On Wed, 2006-05-17 at 14:45 +1000, Peter Williams wrote:
> Mike Galbraith wrote:
> > On Tue, 2006-05-16 at 16:32 -0700, Tim Chen wrote:
> >> On Tue, 2006-05-16 at 09:45 +1000, Con Kolivas wrote:
> >>
> >>> Yes it's only designed to detect something that has been asleep for an
> >>> arbitrary long time and "categorised as idle"; it is not supposed to be a
> >>> priority stepping stone for everything, in this case at MAX_BONUS-1. Mike
> >>> proposed doing this instead, but it was never my intent.
> >> It seems like just one sleep longer than INTERACTIVE_SLEEP is needed
> >> kick the priority of a process all the way to MAX_BONUS-1 and boost the
> >> sleep_avg, regardless of what the prior sleep_avg was.
> >>
> >> So if there is a cpu hog that has long sleeps occasionally, once it woke
> >> up, its priority will get boosted close to maximum, likely starving out
> >> other processes for a while till its sleep_avg gets reduced. This
> >> behavior seems like something to avoid according to the original code
> >> comment. Are we boosting the priority too quickly?
> >
> > The answer to that is, sometimes yes, and when it bites, it bites hard.
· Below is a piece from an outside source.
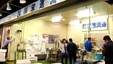 (株)栄進流通は、「豊かな食を創造し地域社会に貢献します」を理念に掲げ、仙台市中央卸売市場で仙水グループ企業として水産物仲卸業を営んでいます。安全、安心な生鮮食料品を安定的にお客様にお届けするため、役職員一同日々努力いたしております。また、売場内に低温の加工売場を設け、お客様の要望に応えるための一次加工処理を行っています。今後とも、お客様に信頼され、喜んでいただけるように努力し、仙水グループ企業の一員として社会貢献できるよう日々精進して参ります。

> > Happily, most hogs don't sleep much, and we don't generally have lots of
> > bursty sleepers.
> >
>
> But it's easy for a malicious user to exploit. Yes?
Without limits, sure. Burn malicious idiot's library card :) The real
pain begins when you start examining legitimate loads. It _can_ get
really and truly fugly. Generally doesn't.